O Presídio Central é administrado pela Brigada Militar e tem uma regra segundo a qual da boca da galeria para dentro o controle é dos presos. A exposição também traz fotos desses ambientes onde os presos vivem, mostrando como eles se arrumam nas galerias, como se arrumam nas celas e como se ajeitam nos pátios. É uma exposição bem ampla, portanto. Muitas das fotos estão legendadas, contando a história da foto e o conjunto dessas legendas conta toda a história do presídio, abordando questões como o tráfico de drogas e de armas, crimes cometidos do lado de dentro e do lado de fora. Tudo isso vai sendo contado pelas imagens e pelas legendas. A exposição conta, por exemplo, que em um período curto de tempo foram apreendidas 58 armas industriais dentro do presídio. Uma dessas armas, que está na exposição, é uma pistola 9 milímetros nova, fabricada pela Taurus. Indagada sobre o comprador daquela pistola, a empresa informou que ela foi comprada em Miami, nos Estados Unidos. Poucos meses depois, estava dentro do Central.

A exposição também traz uma crítica ao sistema de Justiça, em uma foto onde aparecem duas mãos estendidas. Um dia eu estava caminhando no Central e deparei-me com um preso que era, literalmente, um farrapo. Vestia roupas totalmente rasgadas, uma por cima da outra. Tinha dois ou três calções. Um calção por cima de um moletom. Meias furadas uma de cada cor. Além disso, estava com um olho vazado.
Perguntei para ele porque estava ali ele, instantaneamente, me mostrou as mãos totalmente calejadas. “Olha as minhas mãos, eu sou um traficante?” – me disse.
Esse sujeito era um carroceiro que andava pelas ruas e, num certo dia, deve ter exagerado na cachaça, talvez tenha atrapalhado o trânsito, foi detido pela polícia e deve ter mandado os policiais para aquele lugar. Acabou sendo preso por tráfico e ficou preso um ano e oito meses

Sul21: Como o acervo do magistrado Marco Antônio Bandeira Scapini, composto por imagens do fotógrafo Marco Aurélio Couto, entrou na exposição?

Sidinei Brzuska: Quando o Ministério Público pediu a interdição do Presídio Central, em 1995, Scapini contratou um fotógrafo para fotografar o presídio.

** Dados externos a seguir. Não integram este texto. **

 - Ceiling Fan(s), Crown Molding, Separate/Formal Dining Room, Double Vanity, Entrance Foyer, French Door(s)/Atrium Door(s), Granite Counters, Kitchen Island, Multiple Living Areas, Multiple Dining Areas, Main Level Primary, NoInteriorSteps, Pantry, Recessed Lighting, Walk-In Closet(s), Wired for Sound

Quando ele se aposentou, ele guardou essas fotos em casa. Ficou com medo que elas se perdessem aqui. Um belo dia, ele entrou na minha sala e disse que ia me entregar essas fotos, pois talvez eu pudesse fazer um uso delas. Eu até não o conhecia tanto assim. Nos conhecíamos mais lateralmente, pois temos uma briga em comum: ele era gremista doente e eu sou colorado doente. Infelizmente ele nos deixou muito cedo.

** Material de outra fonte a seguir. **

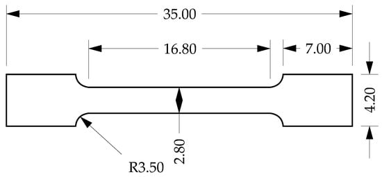 Technical drawing of the specimens used in tensile testing, lengths in mm. Scaled from type H geometry of [].
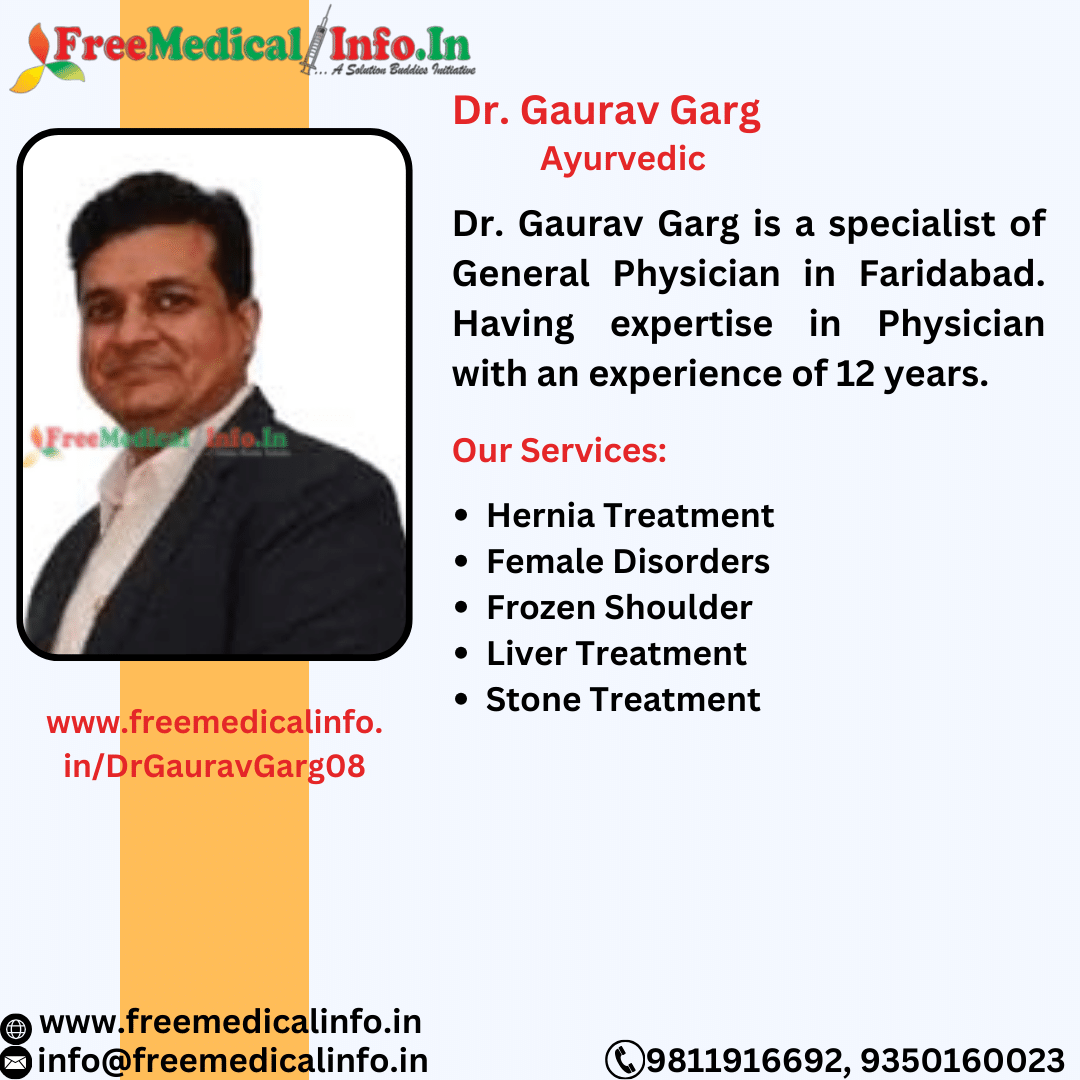 Dr. Gaurav Garg is a qualified general practitioner with 12 years of experience in Faridabad. For comprehensive medical care, go to his office at Bajrang Chowk, Sector 37, Arya Nagar, Sarai Khwaja, Faridabad. Dr. Garg is a trusted choice because of his abundance of experience and dedication to patient care. Take advantage of his knowledge for a variety of medical ailments. Top Ayurvedic specialist Faridabad
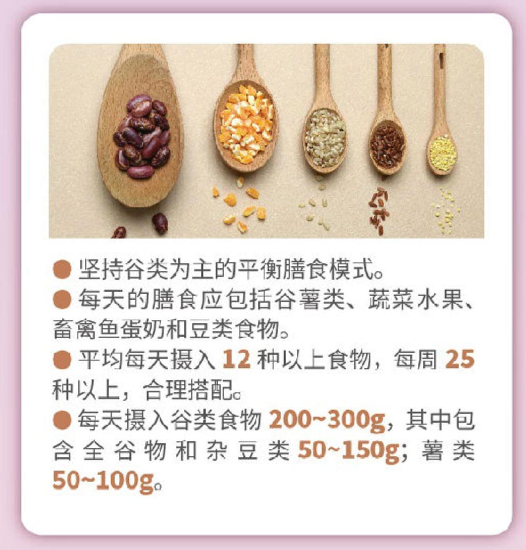 《中國居民膳食指南(2022)》也有明確建議,每天堅持穀類爲主的平衡膳食模式,每天攝入穀類食物200~300g,喫全穀物和雜豆類食物50~150g。

Sul21: Há uma tendência na sociedade de não querer ver realidades como esta do Presídio Central. Essa exposição também parece ter uma função de mostrar o que as pessoas não querem ver.

Sidinei Brzuska: Sim. Essa é uma questão cultural nossa. A ideia do quanto pior melhor é muito forte entre nós. As pessoas não se dão conta de quanto pior, melhor é para o crime. Na verdade, todo mundo colabora, de um jeito ou de outro, para que esse quadro esteja do jeito que está.